DYNAMIC STRENGTH EVALUATION OF STRAIGHT PIPE USING ENERGY BALANCE METHOD

This paper describes a relationship between fatigue failure and the input energy from results of forced vibration experiment using straight pipe. In Japan, mechanical structures installed in nuclear power plants such as piping and equipment are usually designed statically in the elastic region. Although these mechanical structures have a sufficient seismic safety margin, understanding the ultimate strength is very important in order to improve the seismic safety reliability in an unexpected severe earthquake such as the Great Kobe Earthquake (1995) and the Niigataken Chuetsu-oki Earthquake (2007) in Japan. A rational design method is also being required in accordance with a revision of seismic standard in Japan. In this study, the ultimate strength of a mechanical structure is investigated from a viewpoint of the energy balance equation that is one of valid methods for the structural calculation. A main feature of the energy balance equation is that explains accumulated information of motion. Therefore the energy balance is adequate for an investigation into the influence of cumulative load. Authors have already confirmed a relationship between fatigue failure and the input energy from results of experiments using simple single degree of freedom models in a previous study. In this paper, straight pipe models are adopted instead of simple single degree of freedom models, and the relationship between fatigue failure and the input energy is investigated. The straight pipe model is made of stainless steel, and has natural frequency of approximately 21 Hertz. The investigation is implemented by forced vibration experiments that lead the experimental model to fatigue failure.
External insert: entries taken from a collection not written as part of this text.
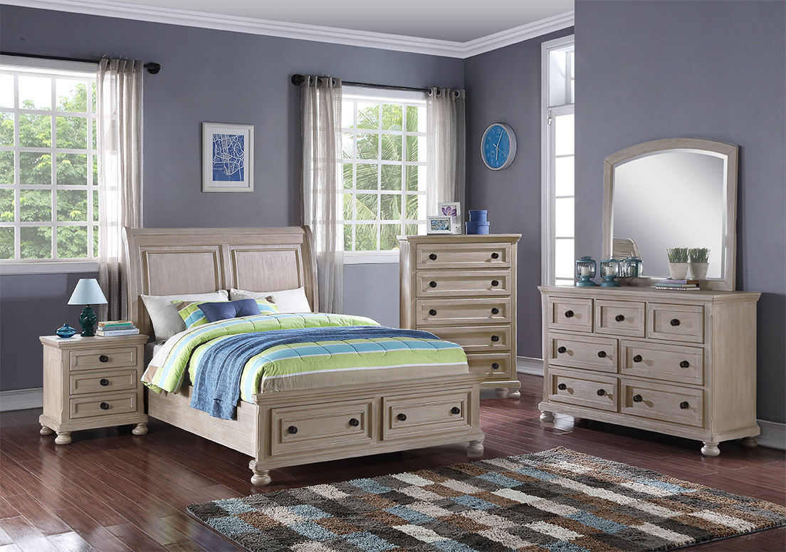 The Allegra collection is a masterful blend of classic and modern design, offering a versatile and timeless aesthetic that seamlessly fits both traditional and contemporary interiors. Expertly crafted from solid Mindi wood, engineered woods, and wood veneers, each piece in the collection—including the Sleigh Storage Bed, Dresser, Mirror, Nightstand, Chest, and Media Chest—showcases the natural beauty of Mindi’s rich grain while providing exceptional durability and resistance to decay.
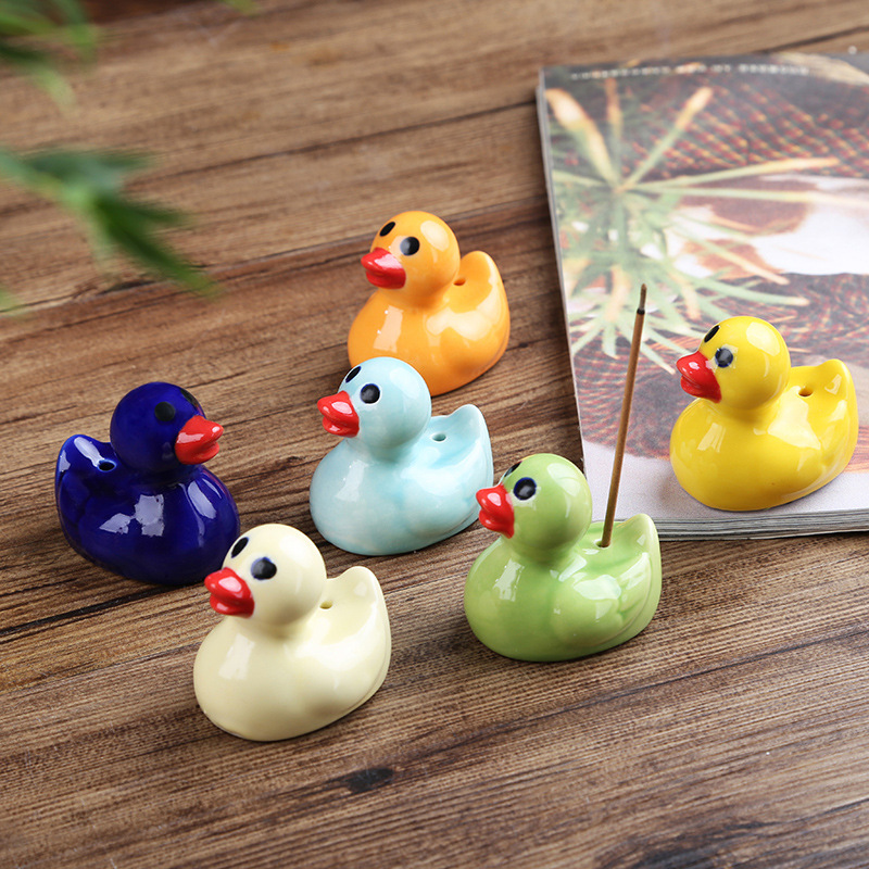 陶磁器のアヒルの香は家庭用の室内線の香座に挿し込んで、小さい黄色のアヒルの置物の家庭の室内の金線の香は卸売りを挿します。
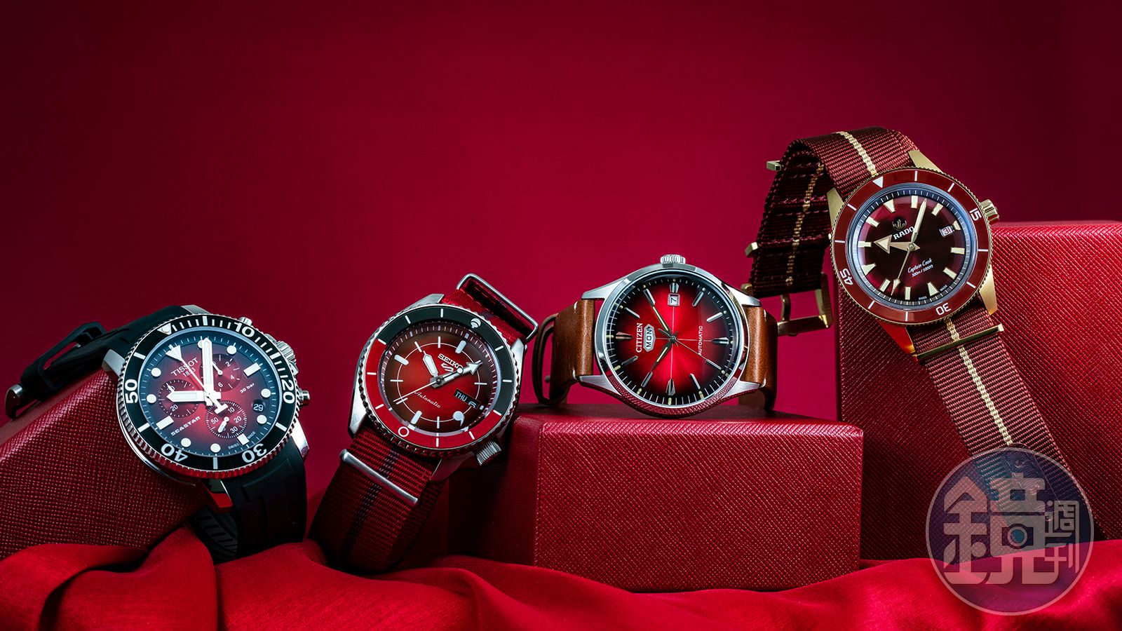 TISSOT的Seastar 1000去年有滿多款話題新作,除了加入米蘭帶的新選擇之外,石英計時碼錶也新推紅色漸層面的版本,用漸層的設計包覆住紅色的鮮豔,色彩鮮明卻不致過於張揚,是低調中又很搶眼的設計。
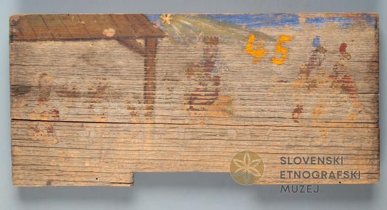 Motiv temelji na Svetem pismu nove zaveze; magi z Vzhoda so šli za zvezdo, ki je napovedovala rojstvo judovskega kralja, stopili so v hišo, kjer so videli Dete z Marijo, se mu poklonili in mu darovali zlata, kadila in mire (Matejev evangelij 2: 1-11). Upodobitev na končnici kaže ikonografske predstave, ki so nastale v poznem srednjem veku. Posneta je po neki novoveški predlogi vendar je prilagojena podolžnemu formatu končnice in na enem prizorišču združuje dve časovno in prostorsko različni sceni: rojstvo in pohod..

In the experiment, colored random waves whose predominant frequencies are similar to natural frequency of the experimental model are input. The experimental model vibrates in the elasto-plastic region due to the colored random wave input, and cracks finally. As a result of the experiment, it is confirmed that the input energy for failure increase with an increase of time for failure. In other words, much input energy for failure is needed in case of small input level. This tendency is same as the result of the previous study using simple single degree of freedom model. Therefore it is expected that any actual piping satisfy this tendency, and time for failure can be expected by using energy balance.